A teacher friend of mine was secretly pleased when she heard that schools were going to finish out the year with online classes. Curious, I asked for her reasoning. The answer was simple: she has a mute button while teaching online.
Because of that mute button, this teacher doesn’t have to spend time dealing with distractions such as goofing off or bad attitudes. Instead, she is able to spend more time teaching and working with students one on one. Sounds like a winner to me!
What about the kids themselves? Or their parents? From news headlines, one would guess that things are going terribly. But a recent survey in the Minneapolis Star Tribune suggests that things might not be as bad as we’ve been told. In fact, many parents and students may be discovering, like my friend, that this new form of education isn’t all that bad.
According to the Star Tribune, over 500 parents, whose children are in both private and public schools, responded to the survey. When asked to rate their children’s experience with online learning, over half gave a positive rating, with 17 percent saying that their child was thriving. An additional 27 percent gave a middling rating, which really isn’t all that bad considering how unprepared teachers were to make this switch. Only 23 percent gave a rating of one or two.

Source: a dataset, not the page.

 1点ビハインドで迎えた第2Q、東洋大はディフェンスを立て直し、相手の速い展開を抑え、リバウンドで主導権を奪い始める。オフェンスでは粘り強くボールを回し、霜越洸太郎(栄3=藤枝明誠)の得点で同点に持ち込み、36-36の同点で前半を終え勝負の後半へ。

But then, this is just one state out of 50. Perhaps, as it is often said, the children of Minnesota really are “above average” and the transition to online learning was easily conquered here, even while children from other states are having a much more difficult time. If this is the case in your family – or if your children, too, are thriving with online education – take the time to fill out this three-minute national survey from “For Kids & Country” to give a true picture of what is happening in education during this uncertain time.

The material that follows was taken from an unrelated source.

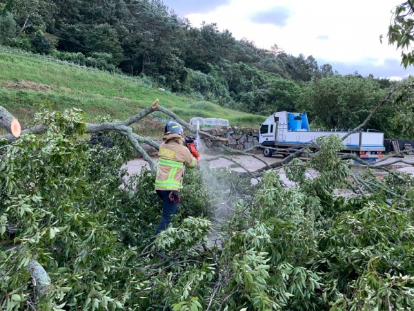 순천소방서 저전119안전센터, 태풍 '마이삭' 피해 고목 제거실시

Regardless, this Star Tribune survey of students and parents living with the daily realities of COVID-19 education raises an important question. If over half of these children are doing just fine with this alternative form of education – even when it was cobbled together at the last minute – then why is it that traditional institutional schooling is always framed as the be-all, end-all of education?
For years we’ve been told that traditional schools are the only way to acquire a satisfactory education – that education won’t be as effective if we try other “alternative” options, such as online education, or tutoring, or homeschooling. This survey seems to suggest otherwise.
But just because a majority of parents say online education works for their child, does that mean all students should hop online? Of course not! It would be a crime to shoehorn every child into online education because it works well for a majority of students, just as it is also a crime to impose institutional schooling on every student.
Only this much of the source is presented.